I have a problem. It’s not something that’s easy to admit, but it’s there. I can’t go more than five minutes without scratching that itch that burns inside of me until it’s satisfied. I wake up in the middle of the night and I need some. I’m on a conference call at work and I need a taste. If I had an iPhone, I am sure I would hit rock bottom.
I am a Facebook addict.
There. I said it. As much as it shames me to admit it, I am. From super pokes to friend requests, I crave the next notification I receive in Facebook. Someone wrote on my Wall? I’m like a kid at Christmas scrambling to see who and what. And I can’t even begin to explain the rush when two people become friends on Facebook …….. as I suggested.
It’s intoxicating, reconnecting with long-lost classmates and keeping tabs on my friends who live around the corner. Sure there are other social networks (this blog will be posted on my MySpace account), but none have the right combination of cool and mature like Facebook. If for no other reason, you have to admire the fact Facebook founder Mark Zuckerberg walked away from a $1 Billion offer (yes, with a ‘B’) in order to keep his vision for his creation intact. Now that’s the brass balls kinda’ cool I want to be a part of.
So I diligently keep my browser open all day, periodically refreshing to see if anything new has come in. I will admit the avalanche of application add-ons can get annoying and frustrating. By the same token, I am sure heroin addicts get tired of the track marks, too. Still, the rush makes it all worthwhile. I scope other people’s pages to see what they’ve been up to and with whom they’ve been communicating.

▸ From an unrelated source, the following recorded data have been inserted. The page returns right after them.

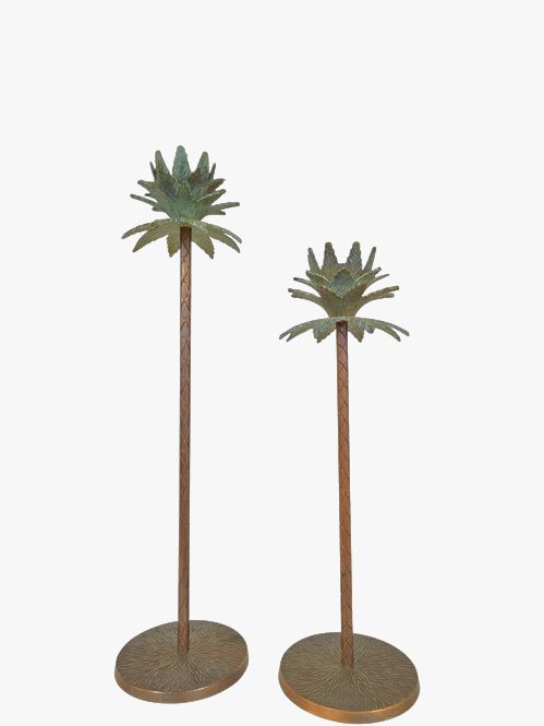 Traditional Palm Tree Candleholder Pair 13" and 11"h
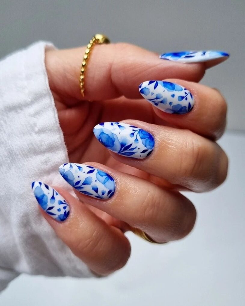 Immerse your nails in a sea of tranquility with the Blue Floral design, which skillfully interweaves shades of blue to create a serene and elegant manicure that captures the essence of a blooming spring garden.
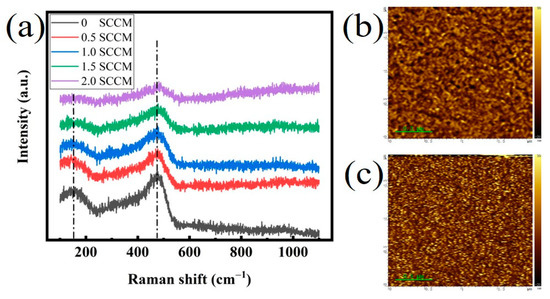 (a) Raman scattering spectra of the films prepared at different NH3 flow rates, (b,c) atomic force microscopic images of the films prepared by different NH3 flow rates of 1 sccm and 2 sccm, respectively.
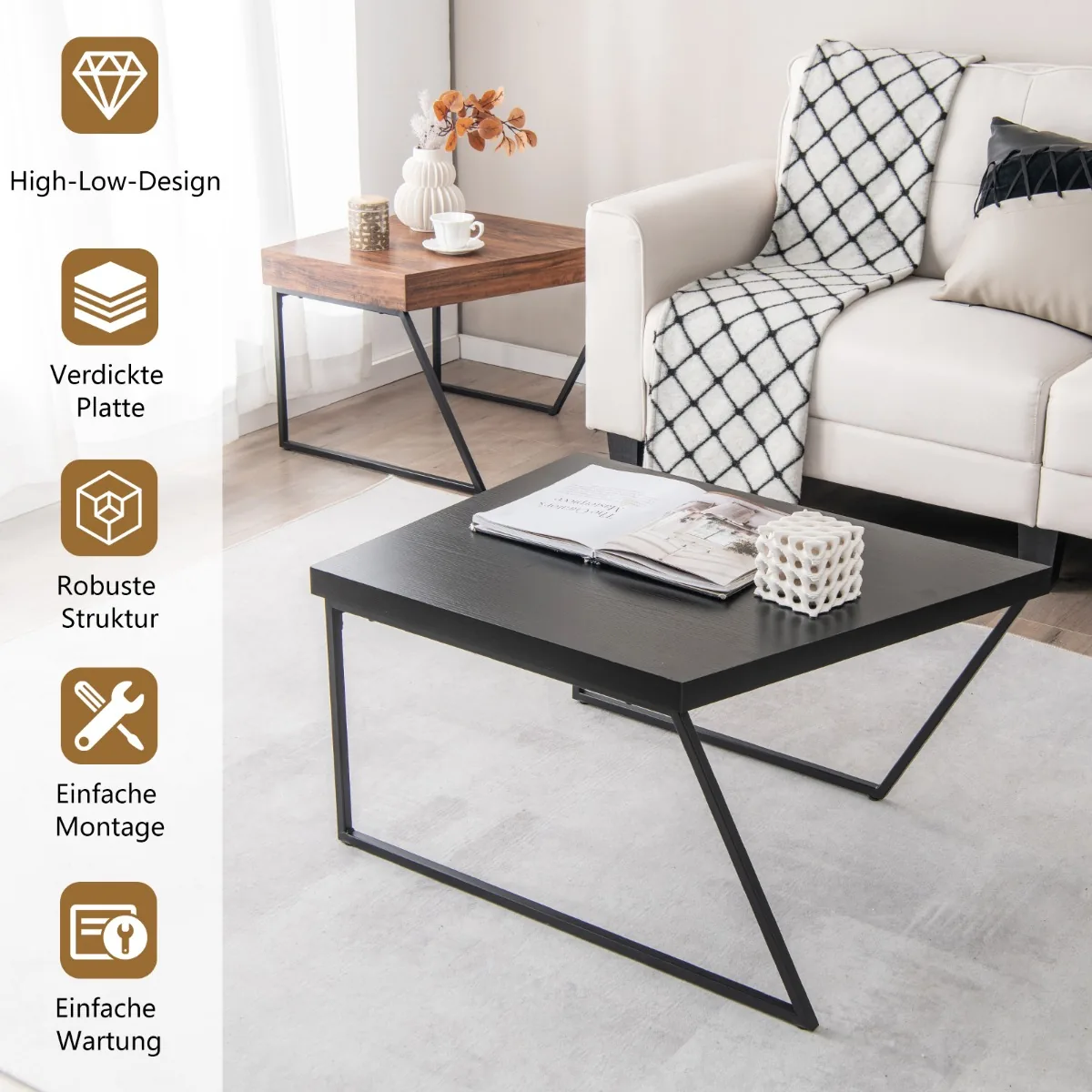 Rinkinys iš 2 kavos staliukų juodos ir rudos spalvos puikiai tinka svetainės erdvės praturtinimui. Šie kavos staliukai leidžia lanksčiai pritaikyti baldus pagal poreikį – naudoti atskirai arba kartu. Erdvi stalviršio dalis užtikrina patogią daiktų laikymo vietą.

It’s a little dirty and creepy, but then again aren’t all addictions?
I look at my Friends list and I feel like I’m building a little empire. “Just hit 200 friends. Next stop, 500!” There’s an eerie appeal to creating a group in FB and watching as other people join it. I send out e-mail invitations to people who would not otherwise take part in a social network and they sign up. Can you hear the ego – and the addiction – being fed?

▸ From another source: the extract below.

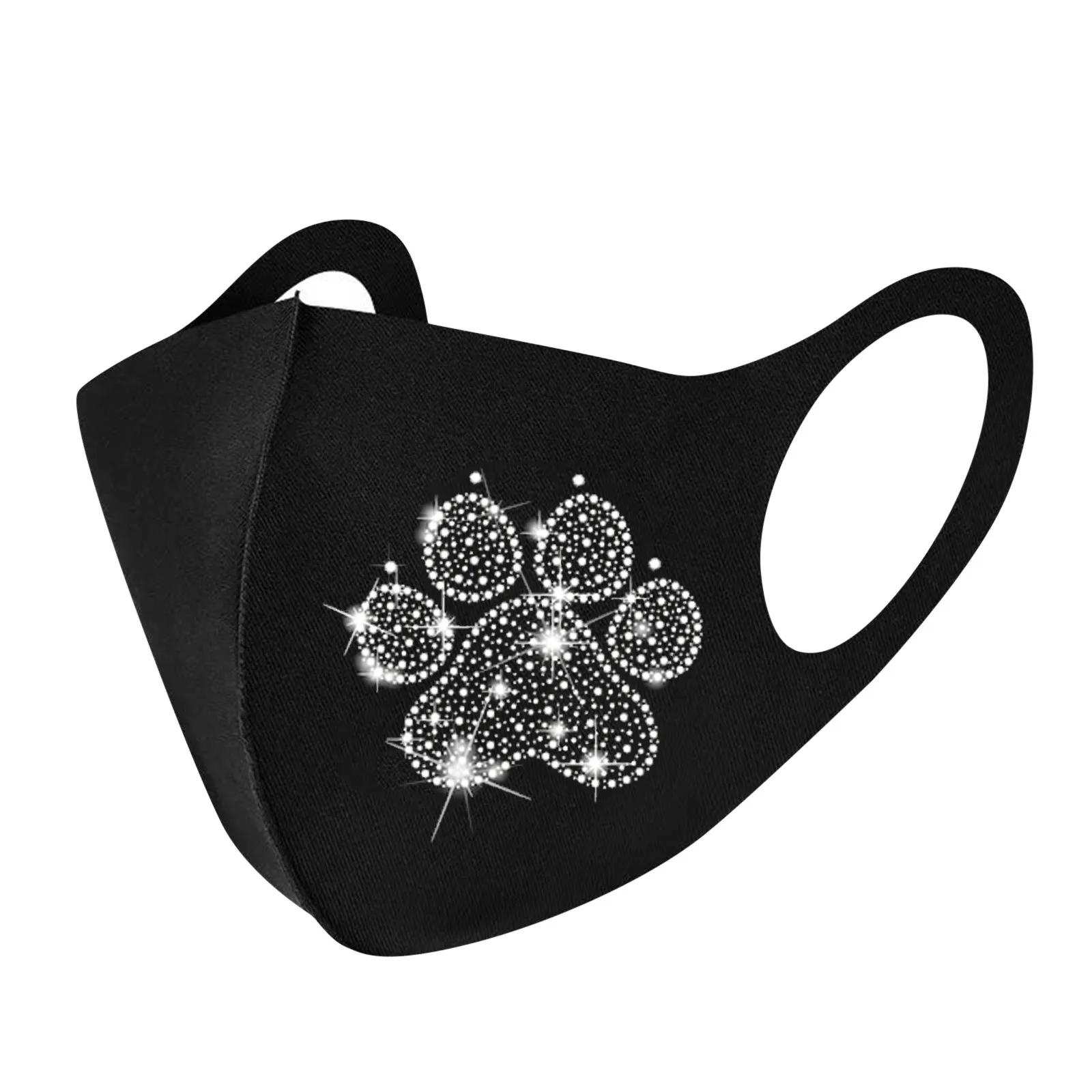 Милая Бриллиантовая маска для лица в виде собачьей лапы, Пылезащитная маска для лица с принтом, блестящие стразы маски для лица, рта, маска для женщин

I’m also rediscovering my past. Thanks for Facebook, my Friends list has exploded with individuals I’ve known since childhood. High school classmates and grade school acquaintances, visiting their FB pages is like taking a trip to the past. Like the virtual magic shroom that it is, Facebook is opening up areas of my mind I had forgotten were there. Trip indeed.
So I wrap up this blogosphere confessional knowing that through admission I have taken my first step in facing my problem, and knowing it’s been more than 10 minutes since I’ve checked my page. Gotta’ go.